#### Try it
Produce a word-for-word copy of the lines from the one that contains "자물쇠 따기로 따면 약간의 금화를 챙길 수 있다." to the final line of the data below, with all pictures dropped.

#### Information provided
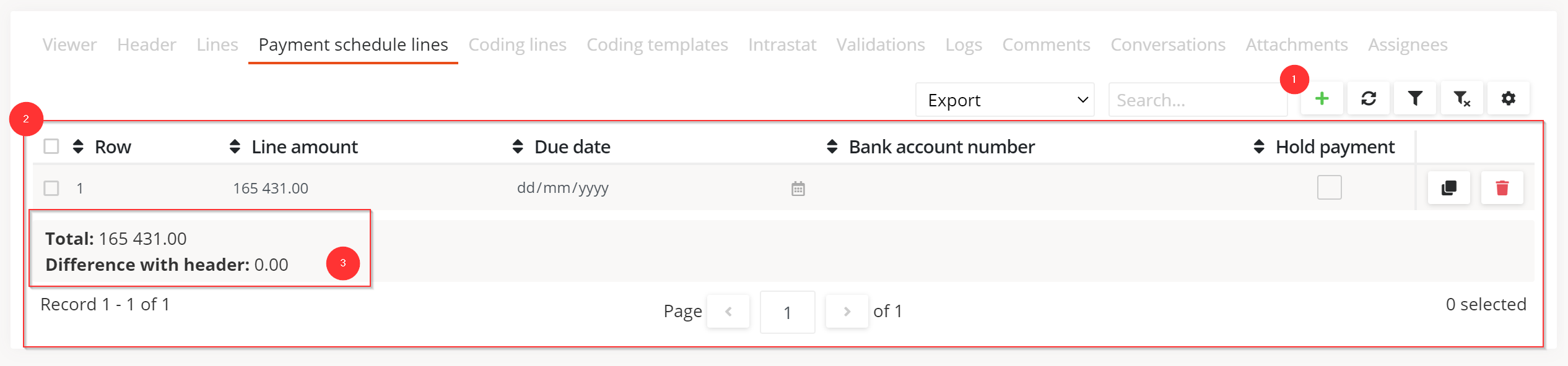 Sum of all payment schedule lines and the difference (if there is one) with the amount that’s present on the header.
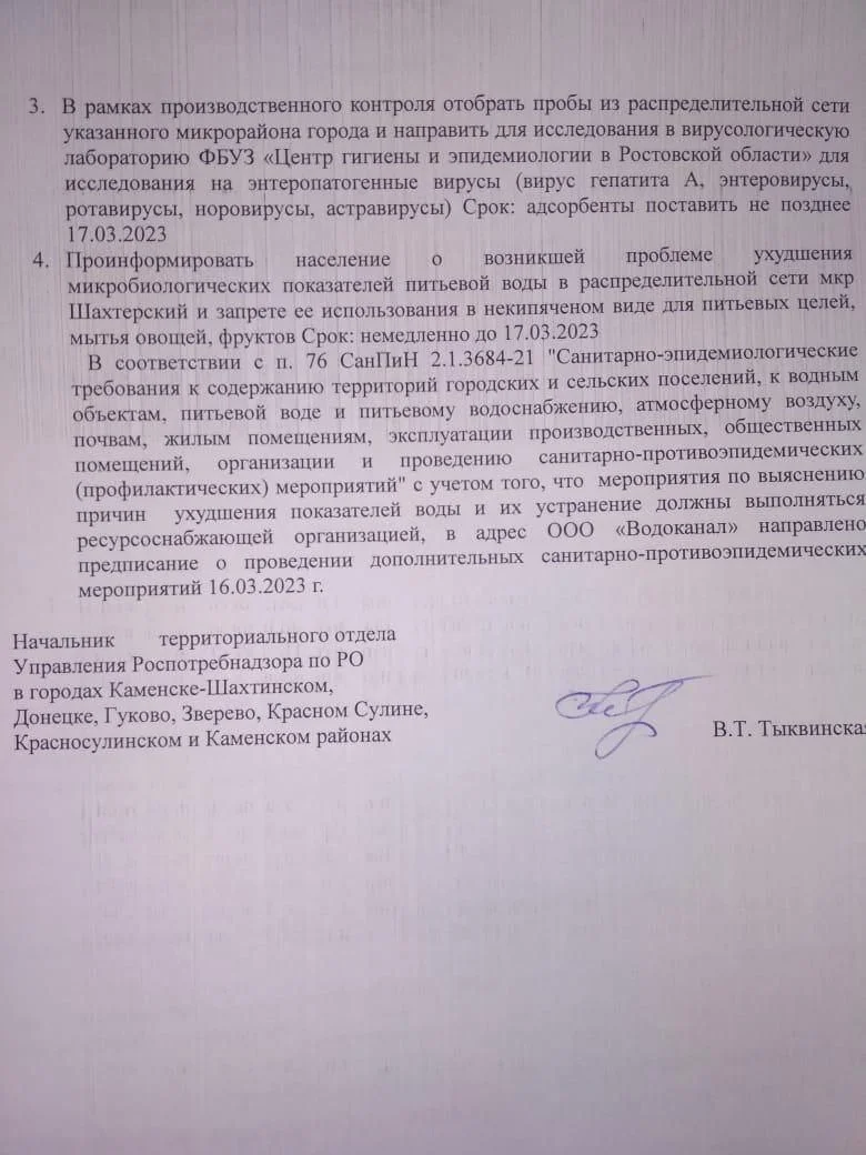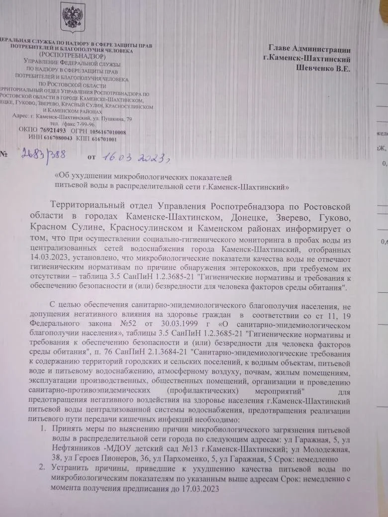 Власти города несколько дней игнорировали жалобы чешущихся каменчан, но вечером 16 марта городская администрация всё же собрала заседание комиссии по чрезвычайным ситуациям и признала, что в поселке Шахтерском (район Каменска-Шахтинского) в воде обнаружены энтерококки — бактерии, способны вызывать нарушение работы пищеварительной системы, заболевания кожи, полости рта и носа; бактериемию, бактериальный эндокардит, дивертикулит и менингит.
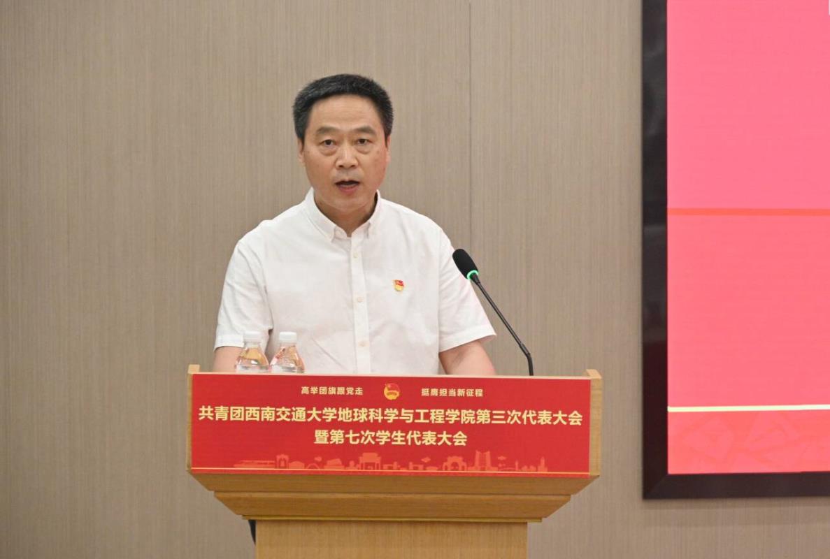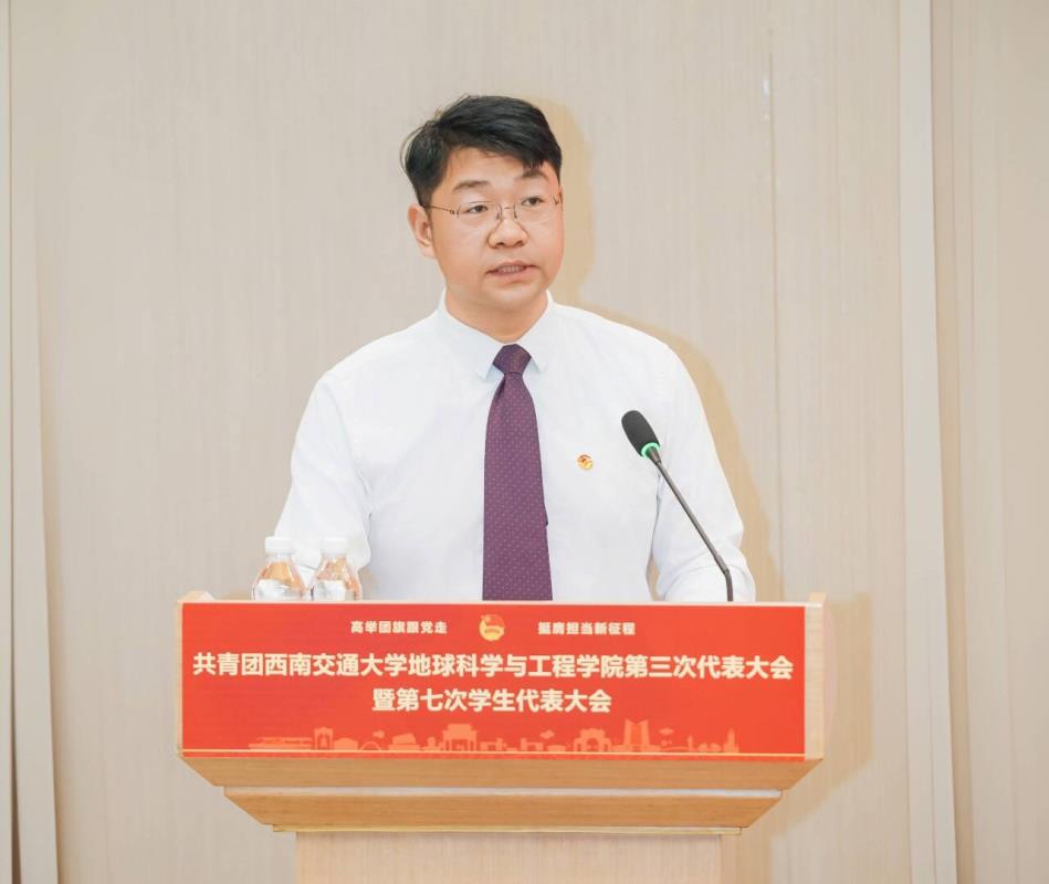 地学学院党委书记关秦川代表学院党委向大会的召开表示热烈的祝贺,向多年来一直关心和支持学院共青团工作、莅临本次大会的各位领导、老师以及各位青年朋友们表示热烈的欢迎和衷心的感谢,向参会的各位团学代表致以亲切的问候与美好的祝愿。他指出,过去五年,学院团委踔厉奋发,在思想政治引领、基层组织建设、推动青年发展、服务青年成长、深化团学改革、凝练品牌项目、助力大国工程等方面做了大量卓有成效的工作,取得了广泛的影响。他代表学院党委对学院团委和广大团员青年提出三点希望:一是听党话、跟党走,在坚定理想信念的道路上砥砺前行;二是沉下心、俯下身,在团结服务青年的一线中汲取力量;三是重实绩、出实效,在服务改革发展的大局中勇担使命。
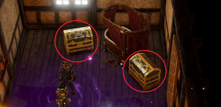 자물쇠 따기로 따면 약간의 금화를 챙길 수 있다.
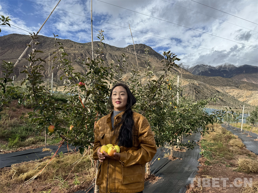 圖為在八宿縣西巴重點(diǎn)經(jīng)濟(jì)林基地工作的嘎桑曲珍正在展示手中的維納斯黃金蘋果 攝影:王妍丹
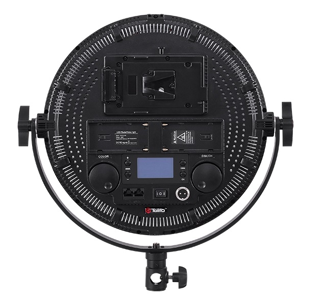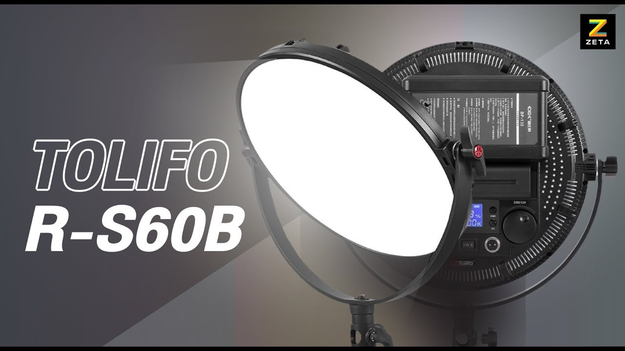 Світлодіодна панель Tolifo R-S60B має круглу форму, що забезпечує більш рівне світло і правильний відблиск у кадрі. Освітлювач має змінну колірну температуру в діапазоні від 3200 до 5600K, індекс кольору становить CRI 95+, потужність 60 Вт.

#### Exercise solution
 자물쇠 따기로 따면 약간의 금화를 챙길 수 있다.
 圖為在八宿縣西巴重點(diǎn)經(jīng)濟(jì)林基地工作的嘎桑曲珍正在展示手中的維納斯黃金蘋果 攝影:王妍丹
 Світлодіодна панель Tolifo R-S60B має круглу форму, що забезпечує більш рівне світло і правильний відблиск у кадрі. Освітлювач має змінну колірну температуру в діапазоні від 3200 до 5600K, індекс кольору становить CRI 95+, потужність 60 Вт.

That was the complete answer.